Pattern Assembler
Overview
The Pattern Assembler tool is the final step in textual parsing. Once patterns have been matched in the Pattern Match tool, you may want to reassemble the records in different ways to convert the unstructured data into a structured form. The Pattern Assembler tool allows you to specify multiple tokens within a record group, to be combined into one or more fields. Or, you can distribute tokens to wide record fields (multiple similar fields within a single record).
Pattern Assembler tool parameters
The Pattern Assembler tool has one set of configuration parameters in addition to the standard execution options.
Parameter | Description |
---|---|
Input group | Field that uniquely identifies each original record, as specified in the upstream Token Creation tool. |
Input token | Field containing the tokens output by the Token Creation tool. |
Input class | Field containing the classes output by the Pattern Match tool. |
Output all available fields | If selected, includes all input fields in output. |
Specify token reassembly | Name of class.

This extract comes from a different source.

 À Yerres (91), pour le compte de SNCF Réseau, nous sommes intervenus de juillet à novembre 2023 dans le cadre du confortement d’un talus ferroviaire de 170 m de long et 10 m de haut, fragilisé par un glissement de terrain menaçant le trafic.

If no Input class is specified, this must be blank. |
Specify token reassembly | If defined, text to add to the output field before the first token of this Class. |
Specify token reassembly | If selected, always add Prefix. By default, Prefix is only added to non-empty fields. |
Specify token reassembly | Text to insert between tokens of this Class. |
Specify token reassembly | If Output is new, specifies the size. |
Specify token reassembly | Base name of the Output field to receive the assembled tokens. If more than one output field is specified, tokens of the class for this row are distributed sequentially to all the named output fields. This is optional and defaults to Output1 through OutputN. |
Configure the Pattern Assembler tool
Select the Pattern Assembler tool.
Go to the Configuration tab on the Properties pane.

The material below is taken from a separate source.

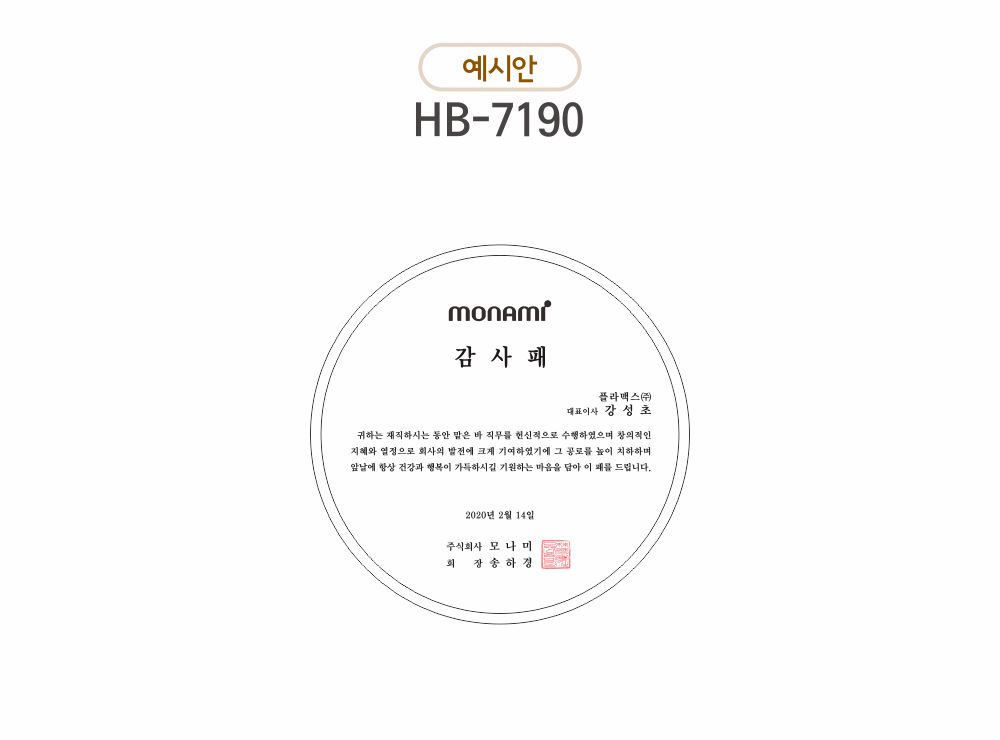| 상품코드 | 모나미 감사패 |

Select Input group and choose the unique ID field you specified in the Pattern Match tool.
Select Input token and choose the field containing the tokens output by the Token Creation tool.
Select Input class and choose the field containing the Pattern Match tool's Output Class.
Optionally, select Output all fields to send all input fields to output.
Using the Specify token reassembly grid, create a sequence of "assembly instructions." For each row, specify some or all of the following items:
Class: the token class to process in this row.
Prefix: a string to add to the output field before the first token of this class. This is typically used to separate sections of the output field.
Always Prefix: check this column if the Prefix should always be added. By default, the Prefix is only added when the field already contains something.
Separator: a string to place between contiguous tokens of the same class.
Output size: if you are creating a new output field, this specifies the size. Since the same output field can be specified many times, the first Output size specified is used.
Output1: the output field to create.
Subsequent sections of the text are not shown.